Этот период состояния искусства можно определить как период борьбы двух мировоззрений. Одно стремилось неудержимо, без программы или какой-либо объединяющей идеи эпатировать все, что признавалось обществом как священная незыблемая истина. Другое консервативно-обозленно защищало свои пошатнувшиеся позиции, что очень типично определяет расшатанную почву дореволюционного интеллигентствующего буржуа.
Я, хотя и был в самом котловане этого движения, но в душе не был приверженцем похождений Бурлюков и хождений по улицам с раскрашенными физиономиями Ларионова и компании[133], а нередко и мордобитиями или, во всяком случае, ломанием мебели, потому что я поглощен был искусством и в душе питал честные намерения добиться идеала, которому я посвятил свою жизнь. А по приезде из-за границы все, что происходило под знаком Бурлюков и Ларионова, уж очень все казалось по-российски, и, конечно, меня, как профессионала, до глубины души коробило и бросало не очень приятную тень на группу серьезно работавших Кончаловского, Куприна, меня, Машкова, Фалька, Рождественского и др. В этом было что-то от улицы, от кафе филистерского пошиба, молодых людей, оторвавшихся от сложной и серьезной работы, которая им оказалась не по плечу. Это особенно стало ясным именно теперь, спустя почти три десятилетия. Скажите, где эти шумливые Бурлюки, что стало с Ларионовым, а они были не одни, за ними шли сотни молодежи, также раньше времени побросавшей свое оружие.
Возвращаясь к продолжению рассказа о путешествии, я опишу вкратце картину поездки в Неаполь, приближаясь к которому я никак не мог поверить, что эти две маленькие сопки есть огнедышащий Везувий. В Неаполе я мало ходил в музеи — всего один раз. Он беден по сравнению с прежде виденными музеями, и я прожил две недели больше отдыхая, чем в эмпиреях, если можно так выразиться, ничегонеделания, но уличные певцы меня занимали. Они пели итальянские излюбленные песни, — то, что певал в свое время Карузо. Они пели не хуже, а иногда и получше любого нашего оперного премьера, а потом снимали шляпы и просили «уно сольдо»[134]. Я ходил за ними по дворам и поистине наслаждался. Перед гостиницей играли уличные скрипачи, иногда 2–3 скрипки с виолончелью — целые маленькие оркестры.

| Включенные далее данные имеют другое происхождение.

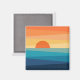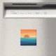 Abstrato ilustração do nascer do sol colorido (amarelo, laranja, azul, turquesa) pelo mar com linhas diagonais e decoração solar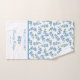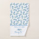 Schönes Handtuch in Blau und Weiß mit einem Blumenmuster von vergisst-me-not-Blume. Fügen Sie auch Familiennamen in eleganten blauen Buchstaben hinzu.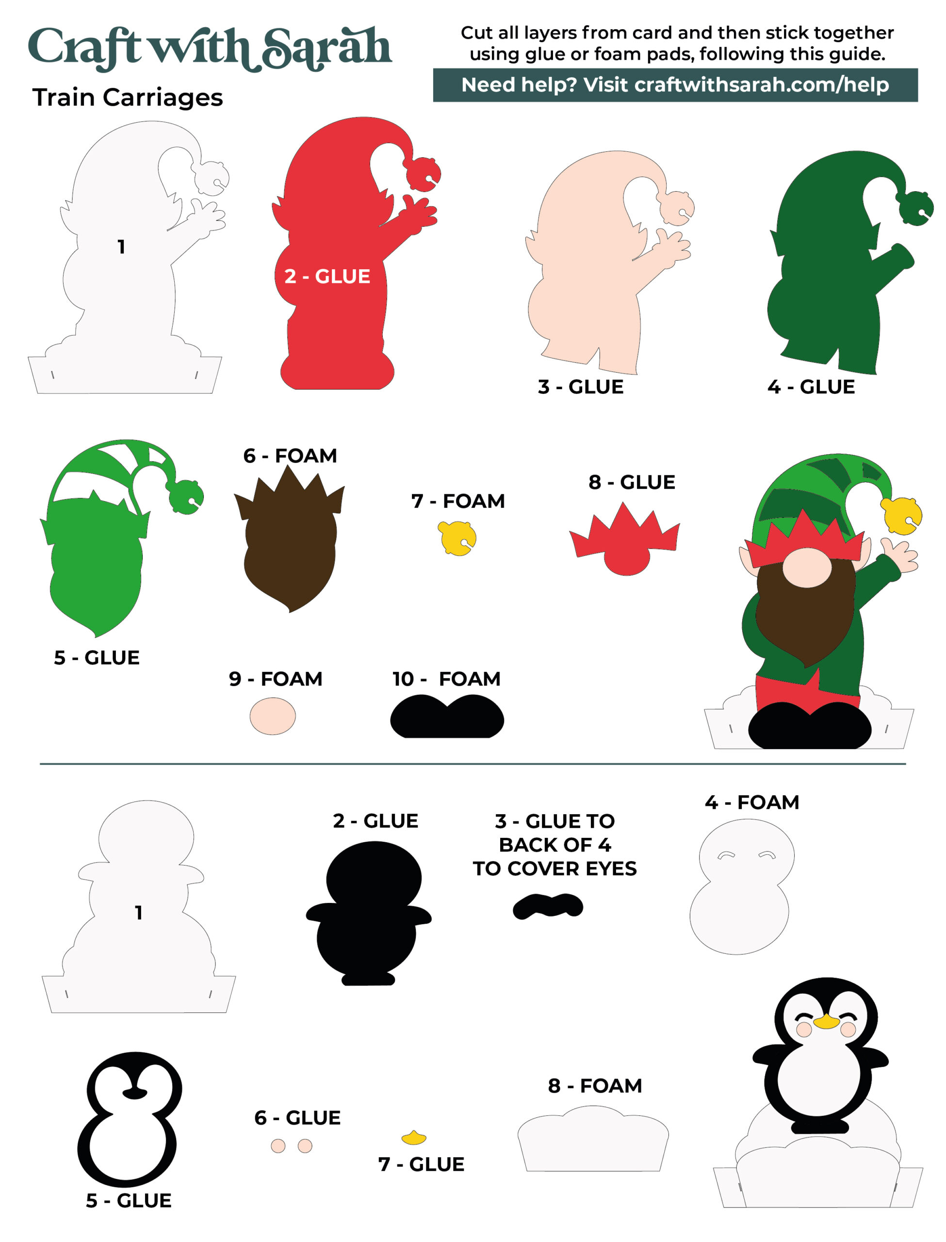 You’ll be working with layered cardstock pieces, simple folds and tabs to bring this Christmas train to life. Plus, it’s easy to personalise by switching up the cardstock colours or adding your own embellishments.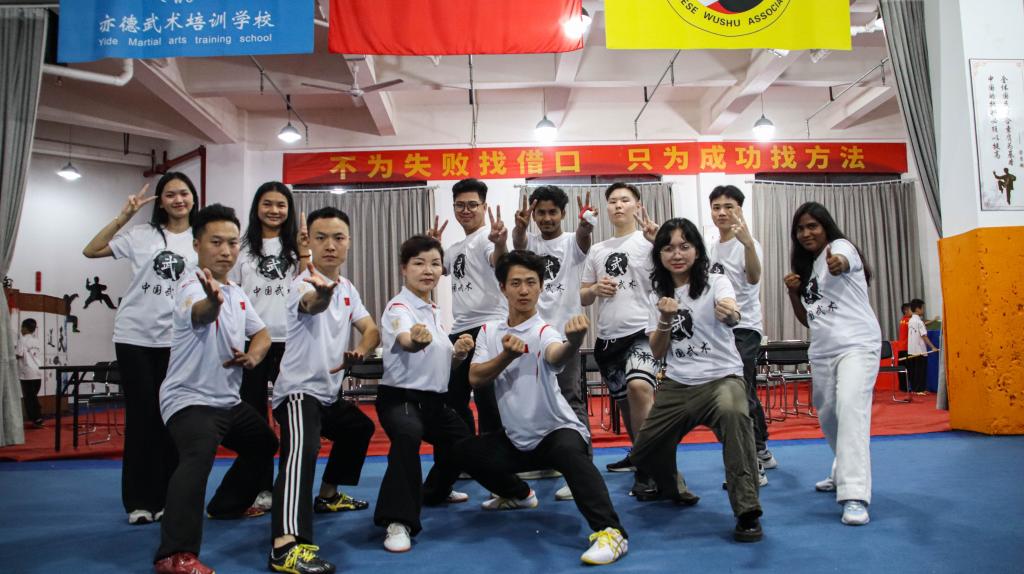 表演结束,留学生们下场实操,在教练的指导下学习中华武术的基本手势和步法,并学习连环拳的基本套路。集体练习之余,留学生和武术小教练们两两结对,互相切磋,活动现场笑声不断,精彩连连。来自蒙古的留学生在看完武术表演后感慨:“中国武术,真厉害!”来自柬埔寨的留学生也表示,“这是我第一次体验中国武术,太好玩了!我喜欢中国!”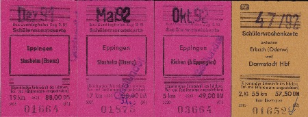 a) Schülermonatskarte Bus/Schiene aus Eppingen vom Dez/1991, b) Schülermonatskarte Bus/Schiene aus Eppingen vom Mai/1992, c) Schülermonatskarte Bus/Schiene aus Eppingen vom Okt/1992 und d) Schülerwochenkarte aus Erbach (Odenw) von der Woche 47/1992.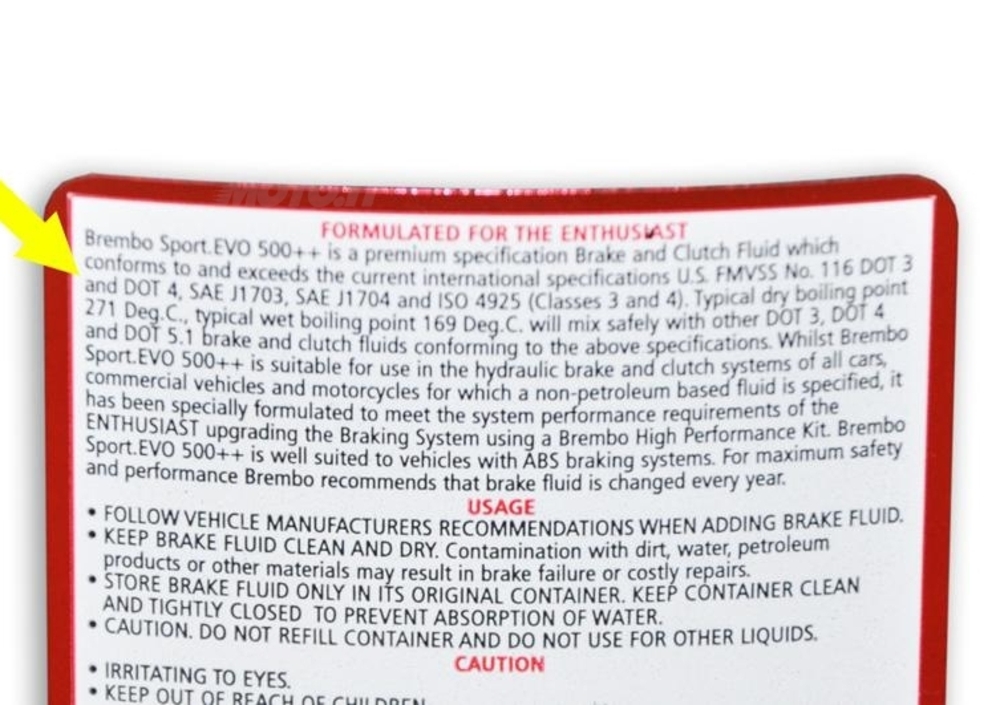 Occorre sottolineare che è sufficiente una percentuale molto ridotta di acqua per causare un sensibile scadimento delle prestazioni che il fluido è in grado di fornire. Passando da zero (completa assenza d’acqua) al 2%, la temperatura di ebollizione di un DOT 4 scende di oltre 50 °C, e per un DOT 3 la diminuzione è ancora maggiore. Una presenza di acqua dell’ordine del 3% significa che il liquido deve essere cambiato senza indugio. Una eventuale colorazione scura del liquido non vuol dire che esso debba necessariamente venire sostituito. In genere è la pigmentazione della gomma sintetica con la quale esso è a contatto a determinarla, senza causare uno scadimento della funzionalità.

Мы ездили в Геркуланум, в Помпею, смотрели раскопки. Вот берег Сорренто. Какие чудесные вещи Щедрина![135] Поездка на Капри чуть не кончилась катастрофой. Мы вздумали на маленьких шлюпках побывать в знаменитом Голубом гроте, но на обратном пути нас застал шторм, который, как гигантский насос, всасывал лодки в отверстие грота. И когда пришла очередь нашей шлюпки, напором воды нас притиснуло к верхней части входа, и наша шлюпка разлетелась пополам. Погрузившуюся в воду Марию Петровну ловко вытащили матросы. Я же доплыл во всем одеянии благополучно до берега. Утром — я проснулся рано от пения птиц — моим глазам представилась райская картина лимонного и мандаринового сада, примыкающего к террасе нашего номера в чудной маленькой гостинице, залитого совершенно багряно-золотыми лучами солнца. Воздух Средиземного моря, мягко ласкающего своими тихими волнами подножие отвесного берега, опьянял.
После вкусного обеда с пресловутыми макаронами мы отправились на поиски кафе, в котором А. М. Горький описал поэму тарантеллы[136]. После долгих поисков, наконец, мы нашли убогий навес, под которым продавец вина предложил что-нибудь выпить, обещая показать танец тарантеллы. Выходит с тамбурином в руках пожилая некрасивая женщина. На мой вопрос, а где же та самая танцовщица, которую А. М. описал, — мне заявили, что это та самая и есть. Я был озадачен, но, когда на фоне темнеющего заката (как именно описано у Горького) под звуки скрипки эта женщина стала танцевать, я был поражен картиной, которая менялась по мере ее движения. Тут я понял настроение Горького, когда он писал эту поэму, и готов был возопить, как царь Ирод: «Еще, еще танцуй для меня, Саломея, я дам тебе, что ты захочешь, хотя бы ты второй раз попросишь… голову Иоканаана[137]». Но дело кончилось всего двумя лирами.